Белые вожди старались по возможности держать безопасную дистанцию. Но не все из них сумели устоять против агрессивной эротики, которой был буквально напоен воздух очаровательного острова Таку… кака. Сама природа, лунные ночи, зажигательные танцы, красивые девушки, доступные и желанные, как в эротических сновидениях сексуальных маньяков…
Старина Нильс был охвачен любовной лихорадкой и предсвадебными хлопотами. Он подружился с родителями своей назойливой, как стая москитов, невесты, очень остался ими доволен («интеллигентные люди, Леша») и находил много общих тем для доверительных бесед под сенью баньяна. Как развиваются их романтические отношения с Марусей, он мне не докладывал, а я и не настаивал. Все эти социальные и любовные отношения казались веселой и легкомысленной игрой. То ли со скуки, то ли на сцене. Которой, собственно, и был наш остров…

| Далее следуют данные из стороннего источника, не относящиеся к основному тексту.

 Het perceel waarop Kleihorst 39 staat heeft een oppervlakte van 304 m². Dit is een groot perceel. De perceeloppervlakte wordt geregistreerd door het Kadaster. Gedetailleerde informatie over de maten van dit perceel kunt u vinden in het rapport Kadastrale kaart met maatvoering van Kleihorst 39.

Но вот что там, за кулисами? Где кукловоды и режиссеры? Что им нужно? Какую сверхзадачу они поставили и пытаются решить с нашим участием?
Понизовский вполне вписался в ряды руководящих органов племени, участвовал в каких-то обсуждениях, был обласкан вождем и, по слухам, вот-вот должен был стать его советником.

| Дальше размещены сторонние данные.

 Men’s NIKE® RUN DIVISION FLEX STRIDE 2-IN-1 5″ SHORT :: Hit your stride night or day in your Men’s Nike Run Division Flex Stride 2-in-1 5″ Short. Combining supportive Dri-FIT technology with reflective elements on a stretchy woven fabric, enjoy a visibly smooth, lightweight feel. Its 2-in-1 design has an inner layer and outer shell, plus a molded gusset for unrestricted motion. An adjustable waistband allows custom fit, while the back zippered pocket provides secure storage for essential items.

Семеныч большую часть времени проводил на острове, почему-то в основном в его густых зарослях. Может быть, завел себе смуглую подружку и уединялся с ней во время полуденной жары. (Мы эту легенду поддерживали. Тем более что для нее были все основания — красотка Авапуи явно положила на него глаз и не скрывала своих чувств.) Может быть, он изучал, раз уж выдалась такая возможность, богатую экзотическую флору острова. Впрочем, если на секунду задуматься, оба эти занятия можно с успехом (и удовольствием) совмещать. Кстати, мох здесь такой густой и плотный, какого я и на нашем Севере не видел.
А мы с Янкой трудились на борту яхты. Я старался содержать ее в полном порядке и в полной готовности. Чтобы в любую секунду мы могли выйти в море. Правда, отсутствие топлива для двигателя делало нас целиком зависящими от капризов ветра, и догнать в случае бегства нашу яхту на плавсредствах аборигенов не составит труда. Тем не менее я старательно, два раза в день, мыл палубу, чтобы не рассохлась обшивка, проветривал все помещения, доставал и растягивал для просушки запасные паруса, проверял такелаж.